After more investigation and reading about the break booster going out.. when I push the brake pedal down (car off) I can hear air being pushed out from under the pedal somewhere. After about 6-7 pumps, the brakes tightened up (as in the pedal only moved an inch or so) and the noise went away.

Then I started the car and noticed the brakes were soft again. Could this be the brake booster, and not the MC?

Videos added:

Maybe these will help someone who knows more about this issue.. maybe there isn't an issue at all and I'm overreacting. I don't know lol.


----------



## KG18t (Aug 9, 2006)

Still trying to figure out what you're saying... stop saying tight, that doesn't describe anything useful. What you described using the pedal after the car is off - a few pumps and then the pedal gets harder - this is normal. When the car is running, it builds up vacuum in the booster which assists the pedal press. After it's off, the vacuum is sustained for a while, using the brake drains the boost... so to speak.

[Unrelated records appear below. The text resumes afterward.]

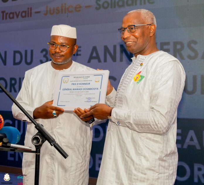 Conakry, 29 octobre 2025 – Au nom du Président de la République, Chef de l’Etat, le Général Mamadi Doumbouya, Le Premier Ministre Amadou Oury BAH, a présidé la cérémonie commémorative du 33ᵉ anniversaire de la Haute Autorité de la Communication (HAC). La régulation des médias sociaux en période électorale : C’est le thème retenu pour cet événement qui s’est déroulé en présence du Président du Conseil National de la Transition (CNT), Dr Dansa Kourouma, des anciens membres du CNC et de la HAC, ainsi que de nombreux professionnels des médias.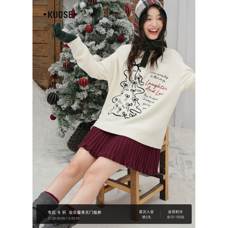 阔色杏色圣诞树刺绣毛衣内搭女2025秋冬季新款氛围感搭配针织衫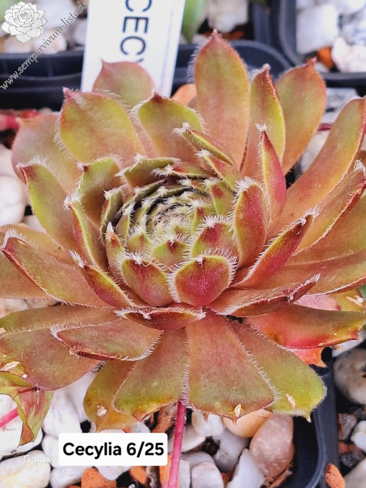 CECYLIA siewka z 2021/23 (rok premiery 2023) matka 'Weberianum'. Kolejna udana siewka z nasion odmiany Weberianum. Rozety dość duże, matowe, lekko owłosione w kolorach, czerwieni i brązu. Rozety osiągają ok 6 cm średnicy.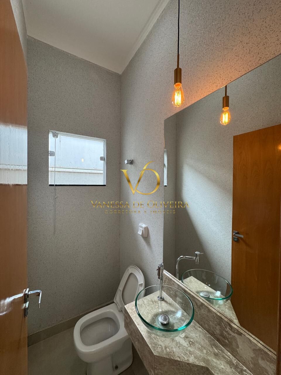➡ Banheiros com bancada em mármore travertino esculpida, box, nichos e gabinetes;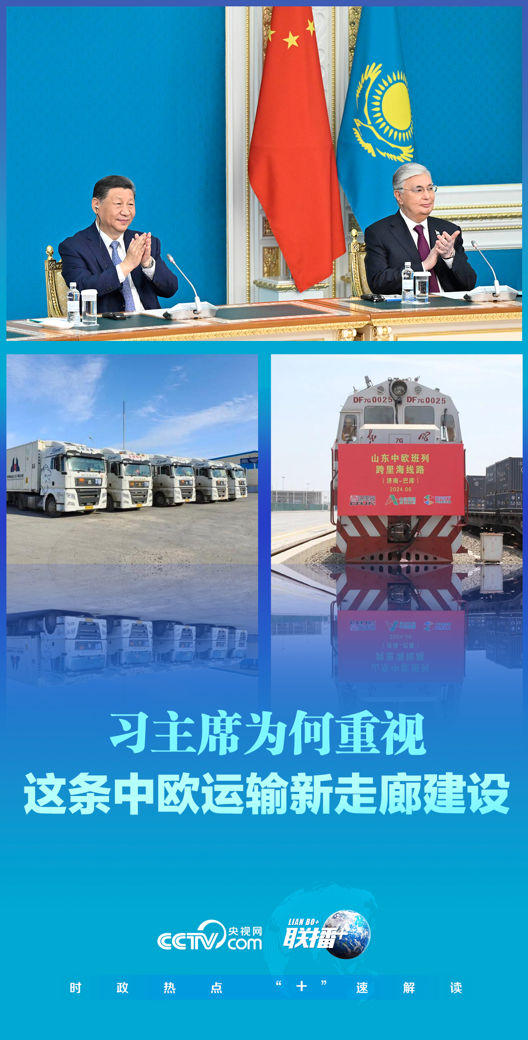 7月3日,正在哈薩克斯坦訪問的習近平主席同托卡耶夫總統(tǒng)以視頻方式共同出席中歐跨里海直達快運開通儀式。兩國元首共同下達作業(yè)指令。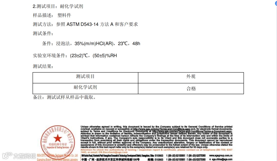 SGS检测进行判定无褪色、脱层、起泡等情况,所检项目均达到标准要求。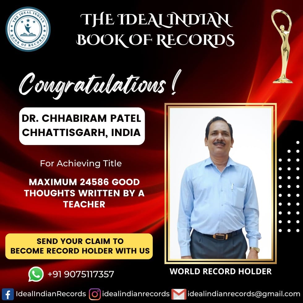 Maximum 24586 Good Thoughts written by A Teacher Dr. Chhabiram Patel, A Teacher Native of Mahasamund, Chhatisgarh. He Has Set The Record By Writing The Maximum Number of 24586 ‘Good Thoughts And Anmol Vichar’ In His 12 Self-Authored Book Which Read More …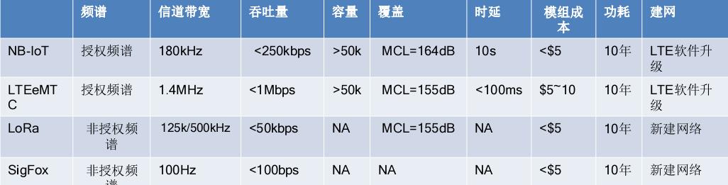 以上就是高贵冬天最近收集整理的关于一张表了解四大物联网通信技术差异:NB-IoT 、LTEeMTC、LoRa与SigFox的全部内容,更多相关一张表了解四大物联网通信技术差异:NB-IoT内容请搜索靠谱客的其他文章。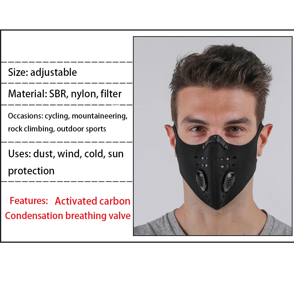 Función:1. Protección solar 2. Transpirable 3. A prueba de polvo 4. Protección contra el fríoFiltración de 5 capasVálvula respiratoria para reducir la acumulación de humedadMasajeador nasal ajustableChip reemplazable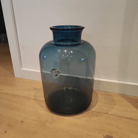 Stor vase, klar blå og hvid indeni. Hel og uden skår.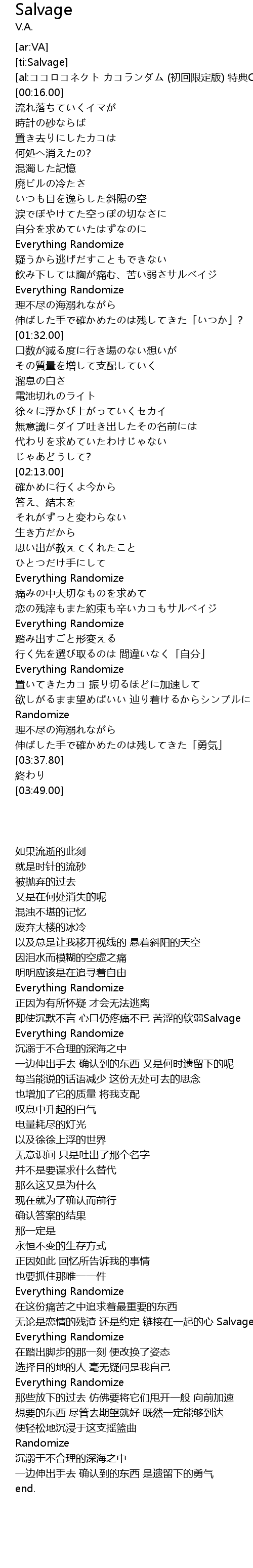 | [02:59.12] | 恋の残滓もまた約束も辛いカコもサルベイジ |

You said "to the floor" in your first post. Did the pedal actually go all the way to the floor? Or did you just have to stand on it?

With the car running, press on the brake pedal with enough force for a normal stop. It should stop, and hold the same force against your foot, if it loosens up and begins to fall to the floor, you have a bad MC.

If you press the pedal after starting the car and it goes to the floor, but stiffens up after you pump it a few times, you should bleed the brakes, and try again.


----------



## SconnieGTI (Jun 10, 2012)

KG18t said:


> Still trying to figure out what you're saying... stop saying tight, that doesn't describe anything useful. What you described using the pedal after the car is off - a few pumps and then the pedal gets harder - this is normal. When the car is running, it builds up vacuum in the booster which assists the pedal press. After it's off, the vacuum is sustained for a while, using the brake drains the boost... so to speak.
> 
> You said "to the floor" in your first post. Did the pedal actually go all the way to the floor? Or did you just have to stand on it?
> 
> ...


I assumed I probably wasn't coming off as clear as I intended to. My apologies. Not literally to the floor, but yes I did have to stand on it.

At the bolded, that IS what happens. So then that means my MC is fine. Good to hear. :thumbup:

I will try bleeding the brakes when I get time and report back. Thanks for your help. :wave:


----------



## radlynx (Jan 4, 2007)

when braking, do you have to press it hard to stop the car or not? 



SconnieGTI said:


> I assumed I probably wasn't coming off as clear as I intended to. My apologies. Not literally to the floor, but yes I did have to stand on it.
> 
> At the bolded, that IS what happens. So then that means my MC is fine. Good to hear. :thumbup:
> 
> I will try bleeding the brakes when I get time and report back. Thanks for your help. :wave:


----------